Top of Supplied information

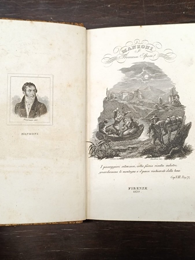 <span style="font-style: normal;">In-16° (cm. 18,4), legatura coeva in mezza pelle bruna, dorso liscio con titolo in oro su tassello verde, filetti e fregi sempre in oro, piatti marmorizzati (lievi tracce d'uso), tagli spruzzati; pp. 500 in buono stato (alcune fioriture); con 1 ritratto del Manzoni inciso in rame dal Fournier all'antiporta fuori testo e 6 graziose vignette disegnate da Falcini e sempre incise in rame su tavole fuori testo. Bella edizione di questo volume che comprende: I Promessi Sposi, Il Carmagnola, L'Adelchi, Il discorso storico sopra la storia longobardica, </span><i>Lettre sur l'unit‚ de temps et de lieu dans la tragedie</i>, In morte di Carlo Imbonati, Urania, Inni Sacri, Il cinque maggio. Cfr. Giujusa 40, Vismara 338, Parenti 70, Salveraglio 4. Esemplare molto buono. (NG3)
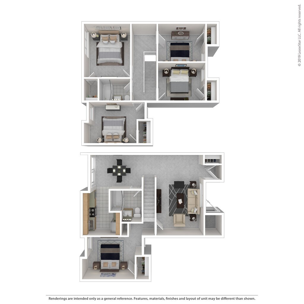 3 Bed / 1.5 Bath Townhome - Plano 13 4 Dormitorios
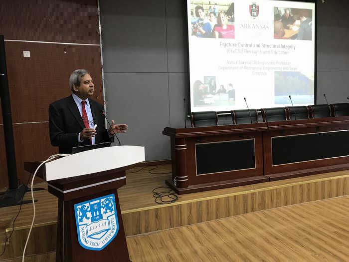 10月19日下午,美国阿肯色大学(University of Arkansas)Ashok Saxena教授应邀为机械学院师生作了名为Fracture Control and Structural Integrity的精彩报告。
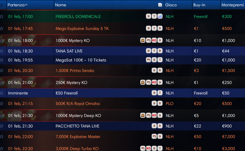 Ma consultate pure il resto del programma domenicale… Buona fortuna! Per giocare nei tornei di iPoker, il requisito è avere un conto aperto per esempio su una di queste rooms: SnaiBet365, LottomaticaGoldbet o Eurobet.
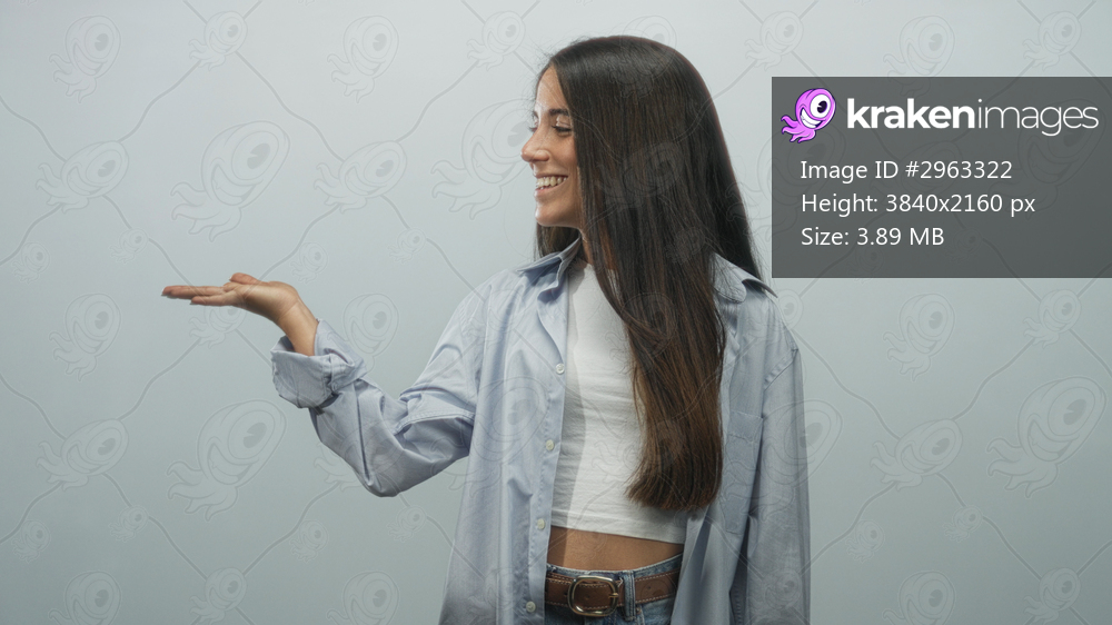 Young woman palm up presenting with open hand, midriff visible, wearing white crop top and blue shirt, studio; friendly invitation smile.
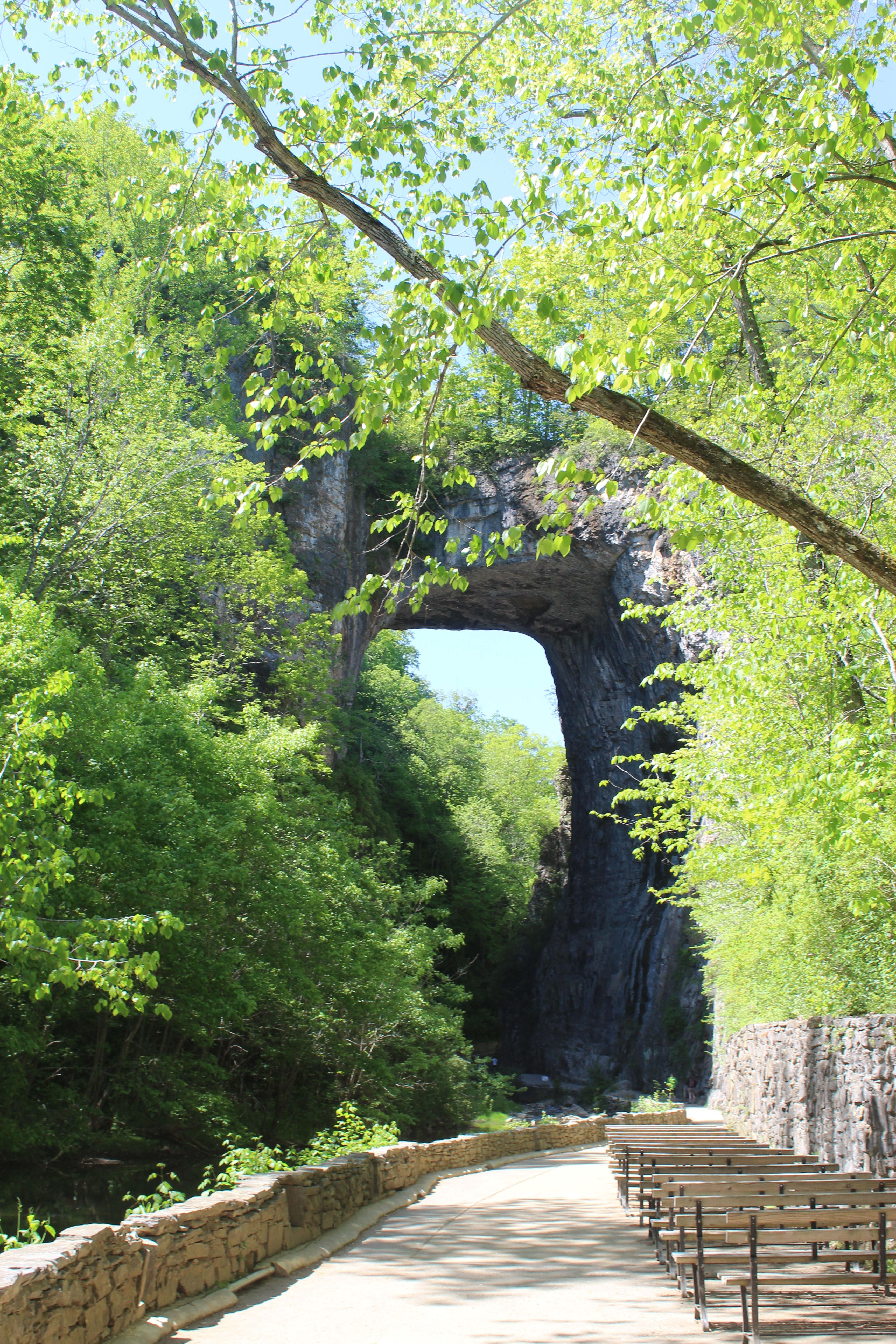 Accessing Natural Bridge: Upon entering into the Visitors Center, I found it easiest to head downstairs and outside via following the signs to Natural Bridge that are easy to find throughout it. Visitors will head outside and walk a concrete trail filled with lots of stairs alongside a beautiful creek and gorgeous forest scenery to enjoy. The stairwell pathway leads to another gift shop, where guests must purchase an admission pass ($9/13+ and $6/6-12 and Free/under 6). Anddd, then visitors can be fully enamored with the gorgeous serenity and natural formation of Natural Bridge!

Bottom of Supplied information

§ Task item
The answer must be the entries above, printed exactly, with no pictures.

§ Task response
 <span style="font-style: normal;">In-16° (cm. 18,4), legatura coeva in mezza pelle bruna, dorso liscio con titolo in oro su tassello verde, filetti e fregi sempre in oro, piatti marmorizzati (lievi tracce d'uso), tagli spruzzati; pp. 500 in buono stato (alcune fioriture); con 1 ritratto del Manzoni inciso in rame dal Fournier all'antiporta fuori testo e 6 graziose vignette disegnate da Falcini e sempre incise in rame su tavole fuori testo. Bella edizione di questo volume che comprende: I Promessi Sposi, Il Carmagnola, L'Adelchi, Il discorso storico sopra la storia longobardica, </span><i>Lettre sur l'unit‚ de temps et de lieu dans la tragedie</i>, In morte di Carlo Imbonati, Urania, Inni Sacri, Il cinque maggio. Cfr. Giujusa 40, Vismara 338, Parenti 70, Salveraglio 4. Esemplare molto buono. (NG3)
 3 Bed / 1.5 Bath Townhome - Plano 13 4 Dormitorios
 10月19日下午,美国阿肯色大学(University of Arkansas)Ashok Saxena教授应邀为机械学院师生作了名为Fracture Control and Structural Integrity的精彩报告。
 Ma consultate pure il resto del programma domenicale… Buona fortuna! Per giocare nei tornei di iPoker, il requisito è avere un conto aperto per esempio su una di queste rooms: SnaiBet365, LottomaticaGoldbet o Eurobet.
 Young woman palm up presenting with open hand, midriff visible, wearing white crop top and blue shirt, studio; friendly invitation smile.
 Accessing Natural Bridge: Upon entering into the Visitors Center, I found it easiest to head downstairs and outside via following the signs to Natural Bridge that are easy to find throughout it. Visitors will head outside and walk a concrete trail filled with lots of stairs alongside a beautiful creek and gorgeous forest scenery to enjoy. The stairwell pathway leads to another gift shop, where guests must purchase an admission pass ($9/13+ and $6/6-12 and Free/under 6). Anddd, then visitors can be fully enamored with the gorgeous serenity and natural formation of Natural Bridge!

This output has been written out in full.